> [RECORDED INFORMATION]
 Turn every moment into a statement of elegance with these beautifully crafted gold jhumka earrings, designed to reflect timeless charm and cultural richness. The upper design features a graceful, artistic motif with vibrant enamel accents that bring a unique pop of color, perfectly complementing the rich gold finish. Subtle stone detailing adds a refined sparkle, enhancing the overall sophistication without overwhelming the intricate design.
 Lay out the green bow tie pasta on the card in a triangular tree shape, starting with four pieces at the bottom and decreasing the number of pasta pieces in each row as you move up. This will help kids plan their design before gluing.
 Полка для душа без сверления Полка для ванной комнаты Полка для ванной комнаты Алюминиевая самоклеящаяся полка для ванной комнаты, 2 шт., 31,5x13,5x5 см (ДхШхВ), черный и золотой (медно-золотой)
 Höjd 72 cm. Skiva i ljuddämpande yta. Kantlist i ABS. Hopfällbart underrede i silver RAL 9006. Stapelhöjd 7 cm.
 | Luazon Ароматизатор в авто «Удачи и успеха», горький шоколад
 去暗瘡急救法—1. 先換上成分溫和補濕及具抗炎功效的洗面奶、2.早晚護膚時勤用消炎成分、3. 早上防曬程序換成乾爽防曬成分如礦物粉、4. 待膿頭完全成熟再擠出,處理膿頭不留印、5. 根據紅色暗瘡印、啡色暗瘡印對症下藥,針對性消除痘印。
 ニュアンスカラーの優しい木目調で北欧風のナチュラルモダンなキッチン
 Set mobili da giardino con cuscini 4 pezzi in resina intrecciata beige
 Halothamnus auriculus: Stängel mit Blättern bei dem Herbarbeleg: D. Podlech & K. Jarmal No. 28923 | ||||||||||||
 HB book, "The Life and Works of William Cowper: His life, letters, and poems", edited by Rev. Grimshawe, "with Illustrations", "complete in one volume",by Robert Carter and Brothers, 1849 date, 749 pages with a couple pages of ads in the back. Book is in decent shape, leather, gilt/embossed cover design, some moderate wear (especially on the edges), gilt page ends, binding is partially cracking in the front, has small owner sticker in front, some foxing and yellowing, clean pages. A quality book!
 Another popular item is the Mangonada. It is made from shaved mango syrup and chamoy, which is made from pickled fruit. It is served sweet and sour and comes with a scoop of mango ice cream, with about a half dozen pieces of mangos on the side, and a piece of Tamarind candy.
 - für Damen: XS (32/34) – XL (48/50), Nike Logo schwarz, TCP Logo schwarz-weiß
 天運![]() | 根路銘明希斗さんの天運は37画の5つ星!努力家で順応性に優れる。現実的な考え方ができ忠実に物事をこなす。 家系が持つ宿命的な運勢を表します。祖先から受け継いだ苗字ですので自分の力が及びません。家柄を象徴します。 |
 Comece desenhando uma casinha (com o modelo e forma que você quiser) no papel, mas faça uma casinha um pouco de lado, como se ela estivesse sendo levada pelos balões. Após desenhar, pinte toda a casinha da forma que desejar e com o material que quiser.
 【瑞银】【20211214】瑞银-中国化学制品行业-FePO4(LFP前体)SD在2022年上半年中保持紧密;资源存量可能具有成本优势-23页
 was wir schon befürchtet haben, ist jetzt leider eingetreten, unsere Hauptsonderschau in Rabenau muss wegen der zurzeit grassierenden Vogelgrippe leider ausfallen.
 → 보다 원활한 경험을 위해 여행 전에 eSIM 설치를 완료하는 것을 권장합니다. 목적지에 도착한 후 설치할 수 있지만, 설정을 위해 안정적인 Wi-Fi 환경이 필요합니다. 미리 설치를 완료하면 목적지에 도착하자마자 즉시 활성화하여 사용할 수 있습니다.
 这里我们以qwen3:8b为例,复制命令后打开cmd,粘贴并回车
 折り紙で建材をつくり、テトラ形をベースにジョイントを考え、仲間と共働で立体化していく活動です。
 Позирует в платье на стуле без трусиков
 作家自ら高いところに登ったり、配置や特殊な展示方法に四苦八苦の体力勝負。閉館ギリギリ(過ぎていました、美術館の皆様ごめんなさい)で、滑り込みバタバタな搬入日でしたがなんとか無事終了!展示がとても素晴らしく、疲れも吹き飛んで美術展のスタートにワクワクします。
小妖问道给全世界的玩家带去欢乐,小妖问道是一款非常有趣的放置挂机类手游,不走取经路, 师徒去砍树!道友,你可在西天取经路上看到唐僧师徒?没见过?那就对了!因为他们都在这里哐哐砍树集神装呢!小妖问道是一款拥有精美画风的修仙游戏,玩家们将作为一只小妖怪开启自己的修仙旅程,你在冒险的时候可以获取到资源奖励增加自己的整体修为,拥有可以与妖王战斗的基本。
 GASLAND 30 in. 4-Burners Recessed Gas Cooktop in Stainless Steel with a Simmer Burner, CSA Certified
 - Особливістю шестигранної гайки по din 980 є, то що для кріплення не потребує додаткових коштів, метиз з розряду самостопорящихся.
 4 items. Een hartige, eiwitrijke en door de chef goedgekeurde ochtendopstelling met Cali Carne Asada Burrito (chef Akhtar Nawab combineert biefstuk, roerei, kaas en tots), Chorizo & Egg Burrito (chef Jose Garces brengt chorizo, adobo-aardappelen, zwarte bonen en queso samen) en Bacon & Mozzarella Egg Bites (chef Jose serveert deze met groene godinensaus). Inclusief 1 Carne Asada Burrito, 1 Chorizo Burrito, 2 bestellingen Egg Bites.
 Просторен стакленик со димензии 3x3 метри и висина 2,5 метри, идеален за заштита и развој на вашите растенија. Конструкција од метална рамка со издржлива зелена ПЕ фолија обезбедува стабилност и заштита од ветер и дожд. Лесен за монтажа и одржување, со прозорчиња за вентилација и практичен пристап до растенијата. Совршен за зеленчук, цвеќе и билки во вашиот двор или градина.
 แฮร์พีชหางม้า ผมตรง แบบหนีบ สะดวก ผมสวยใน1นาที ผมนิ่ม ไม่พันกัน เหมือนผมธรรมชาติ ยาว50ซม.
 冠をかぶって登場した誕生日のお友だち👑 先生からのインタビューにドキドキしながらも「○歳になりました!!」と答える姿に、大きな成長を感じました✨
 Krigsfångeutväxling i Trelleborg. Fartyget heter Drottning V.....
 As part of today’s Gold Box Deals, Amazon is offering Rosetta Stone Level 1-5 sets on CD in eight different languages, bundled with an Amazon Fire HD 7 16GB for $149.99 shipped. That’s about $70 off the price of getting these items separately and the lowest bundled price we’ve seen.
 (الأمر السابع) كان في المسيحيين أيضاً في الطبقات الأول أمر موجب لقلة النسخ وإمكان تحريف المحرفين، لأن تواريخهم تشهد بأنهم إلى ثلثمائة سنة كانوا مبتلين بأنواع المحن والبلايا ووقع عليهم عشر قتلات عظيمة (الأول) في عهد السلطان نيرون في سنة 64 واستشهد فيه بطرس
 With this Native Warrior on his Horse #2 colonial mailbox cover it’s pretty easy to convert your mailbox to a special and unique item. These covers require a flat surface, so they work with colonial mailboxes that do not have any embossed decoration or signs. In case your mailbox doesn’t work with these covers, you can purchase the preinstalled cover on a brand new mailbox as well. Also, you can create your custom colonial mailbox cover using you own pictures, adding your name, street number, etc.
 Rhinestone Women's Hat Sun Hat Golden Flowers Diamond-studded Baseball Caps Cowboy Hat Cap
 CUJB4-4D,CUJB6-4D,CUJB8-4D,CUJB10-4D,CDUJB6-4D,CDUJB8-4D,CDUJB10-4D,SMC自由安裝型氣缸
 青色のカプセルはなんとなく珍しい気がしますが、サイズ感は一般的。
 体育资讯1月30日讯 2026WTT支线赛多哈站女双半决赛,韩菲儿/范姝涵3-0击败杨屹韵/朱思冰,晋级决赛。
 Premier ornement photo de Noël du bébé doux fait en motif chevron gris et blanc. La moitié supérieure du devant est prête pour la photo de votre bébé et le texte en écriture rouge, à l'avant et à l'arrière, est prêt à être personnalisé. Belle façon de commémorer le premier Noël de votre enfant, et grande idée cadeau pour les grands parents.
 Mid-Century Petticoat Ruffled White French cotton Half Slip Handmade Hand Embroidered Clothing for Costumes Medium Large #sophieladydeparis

> [TASK REQUIREMENTS] Show every line above in which the word "number" is found.

> [SOLUTION TO THIS PROBLEM]
 Lay out the green bow tie pasta on the card in a triangular tree shape, starting with four pieces at the bottom and decreasing the number of pasta pieces in each row as you move up. This will help kids plan their design before gluing.
 With this Native Warrior on his Horse #2 colonial mailbox cover it’s pretty easy to convert your mailbox to a special and unique item. These covers require a flat surface, so they work with colonial mailboxes that do not have any embossed decoration or signs. In case your mailbox doesn’t work with these covers, you can purchase the preinstalled cover on a brand new mailbox as well. Also, you can create your custom colonial mailbox cover using you own pictures, adding your name, street number, etc.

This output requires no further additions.